■ PROBLEM TO WORK ON ■
Give back the line below containing "1. Ganjang- the" and every later line, exactly.

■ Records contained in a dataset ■
[Start of Attachment]

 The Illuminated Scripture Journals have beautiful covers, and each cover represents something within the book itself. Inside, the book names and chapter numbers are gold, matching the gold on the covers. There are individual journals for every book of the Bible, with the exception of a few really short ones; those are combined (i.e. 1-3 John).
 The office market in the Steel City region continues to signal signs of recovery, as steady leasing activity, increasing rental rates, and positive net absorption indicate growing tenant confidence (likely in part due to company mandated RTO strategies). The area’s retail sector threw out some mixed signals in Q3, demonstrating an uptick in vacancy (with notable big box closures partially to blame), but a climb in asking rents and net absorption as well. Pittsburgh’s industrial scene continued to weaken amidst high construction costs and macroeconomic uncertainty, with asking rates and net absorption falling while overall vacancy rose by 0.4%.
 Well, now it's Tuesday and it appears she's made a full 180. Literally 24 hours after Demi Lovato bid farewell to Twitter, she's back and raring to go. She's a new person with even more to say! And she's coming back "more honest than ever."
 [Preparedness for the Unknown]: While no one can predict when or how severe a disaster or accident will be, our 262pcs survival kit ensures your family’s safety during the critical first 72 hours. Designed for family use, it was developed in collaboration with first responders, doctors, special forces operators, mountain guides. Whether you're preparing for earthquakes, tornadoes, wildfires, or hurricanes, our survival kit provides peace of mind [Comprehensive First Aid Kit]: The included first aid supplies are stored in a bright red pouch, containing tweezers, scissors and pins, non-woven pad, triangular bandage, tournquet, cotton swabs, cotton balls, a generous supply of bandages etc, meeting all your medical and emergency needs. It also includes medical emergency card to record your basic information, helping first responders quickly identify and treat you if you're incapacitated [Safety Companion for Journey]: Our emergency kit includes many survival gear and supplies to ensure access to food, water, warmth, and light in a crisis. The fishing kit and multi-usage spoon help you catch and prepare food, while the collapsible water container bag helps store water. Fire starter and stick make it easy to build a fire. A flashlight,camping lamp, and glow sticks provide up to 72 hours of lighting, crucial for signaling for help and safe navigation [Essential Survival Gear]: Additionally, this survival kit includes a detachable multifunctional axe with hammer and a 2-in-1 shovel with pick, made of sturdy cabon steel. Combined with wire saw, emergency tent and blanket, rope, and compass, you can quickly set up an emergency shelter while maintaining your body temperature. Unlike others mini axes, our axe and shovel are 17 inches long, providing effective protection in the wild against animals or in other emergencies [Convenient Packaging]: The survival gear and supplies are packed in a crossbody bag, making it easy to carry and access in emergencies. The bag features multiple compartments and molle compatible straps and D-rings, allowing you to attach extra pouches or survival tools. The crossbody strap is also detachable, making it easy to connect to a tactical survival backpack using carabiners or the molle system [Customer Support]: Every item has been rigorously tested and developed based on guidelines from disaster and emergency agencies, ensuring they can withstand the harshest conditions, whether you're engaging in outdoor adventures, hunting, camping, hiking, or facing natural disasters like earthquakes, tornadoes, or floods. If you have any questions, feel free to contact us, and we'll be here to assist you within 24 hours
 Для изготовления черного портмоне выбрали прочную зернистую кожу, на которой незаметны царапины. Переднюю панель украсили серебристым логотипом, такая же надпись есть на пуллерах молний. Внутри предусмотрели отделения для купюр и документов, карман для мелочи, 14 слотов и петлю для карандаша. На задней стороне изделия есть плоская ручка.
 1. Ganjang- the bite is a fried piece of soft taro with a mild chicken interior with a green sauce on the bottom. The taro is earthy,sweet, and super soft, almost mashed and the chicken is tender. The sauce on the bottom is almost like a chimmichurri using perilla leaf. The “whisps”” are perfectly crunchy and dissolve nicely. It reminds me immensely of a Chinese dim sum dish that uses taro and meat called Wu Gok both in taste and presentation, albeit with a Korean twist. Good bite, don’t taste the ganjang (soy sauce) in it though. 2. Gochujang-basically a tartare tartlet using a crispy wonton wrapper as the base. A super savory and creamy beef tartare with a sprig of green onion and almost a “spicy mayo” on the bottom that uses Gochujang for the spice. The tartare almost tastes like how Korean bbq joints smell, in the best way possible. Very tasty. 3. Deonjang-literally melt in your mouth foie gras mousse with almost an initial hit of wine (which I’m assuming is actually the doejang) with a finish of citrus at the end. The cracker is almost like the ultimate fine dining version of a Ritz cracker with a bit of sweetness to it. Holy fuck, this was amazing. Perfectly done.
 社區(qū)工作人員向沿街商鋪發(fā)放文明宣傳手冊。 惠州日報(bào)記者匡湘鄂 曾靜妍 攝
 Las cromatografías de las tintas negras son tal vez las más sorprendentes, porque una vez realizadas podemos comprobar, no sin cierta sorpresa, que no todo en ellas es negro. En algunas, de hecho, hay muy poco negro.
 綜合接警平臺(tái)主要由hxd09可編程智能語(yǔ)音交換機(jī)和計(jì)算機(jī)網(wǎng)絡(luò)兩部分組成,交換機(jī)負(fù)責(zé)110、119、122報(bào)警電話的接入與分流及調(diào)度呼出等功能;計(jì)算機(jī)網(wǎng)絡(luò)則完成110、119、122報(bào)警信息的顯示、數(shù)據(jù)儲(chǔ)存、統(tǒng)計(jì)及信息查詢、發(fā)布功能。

[End of Attachment]

■ ANSWER BELOW ■
 1. Ganjang- the bite is a fried piece of soft taro with a mild chicken interior with a green sauce on the bottom. The taro is earthy,sweet, and super soft, almost mashed and the chicken is tender. The sauce on the bottom is almost like a chimmichurri using perilla leaf. The “whisps”” are perfectly crunchy and dissolve nicely. It reminds me immensely of a Chinese dim sum dish that uses taro and meat called Wu Gok both in taste and presentation, albeit with a Korean twist. Good bite, don’t taste the ganjang (soy sauce) in it though. 2. Gochujang-basically a tartare tartlet using a crispy wonton wrapper as the base. A super savory and creamy beef tartare with a sprig of green onion and almost a “spicy mayo” on the bottom that uses Gochujang for the spice. The tartare almost tastes like how Korean bbq joints smell, in the best way possible. Very tasty. 3. Deonjang-literally melt in your mouth foie gras mousse with almost an initial hit of wine (which I’m assuming is actually the doejang) with a finish of citrus at the end. The cracker is almost like the ultimate fine dining version of a Ritz cracker with a bit of sweetness to it. Holy fuck, this was amazing. Perfectly done.
 社區(qū)工作人員向沿街商鋪發(fā)放文明宣傳手冊。 惠州日報(bào)記者匡湘鄂 曾靜妍 攝
 Las cromatografías de las tintas negras son tal vez las más sorprendentes, porque una vez realizadas podemos comprobar, no sin cierta sorpresa, que no todo en ellas es negro. En algunas, de hecho, hay muy poco negro.
 綜合接警平臺(tái)主要由hxd09可編程智能語(yǔ)音交換機(jī)和計(jì)算機(jī)網(wǎng)絡(luò)兩部分組成,交換機(jī)負(fù)責(zé)110、119、122報(bào)警電話的接入與分流及調(diào)度呼出等功能;計(jì)算機(jī)網(wǎng)絡(luò)則完成110、119、122報(bào)警信息的顯示、數(shù)據(jù)儲(chǔ)存、統(tǒng)計(jì)及信息查詢、發(fā)布功能。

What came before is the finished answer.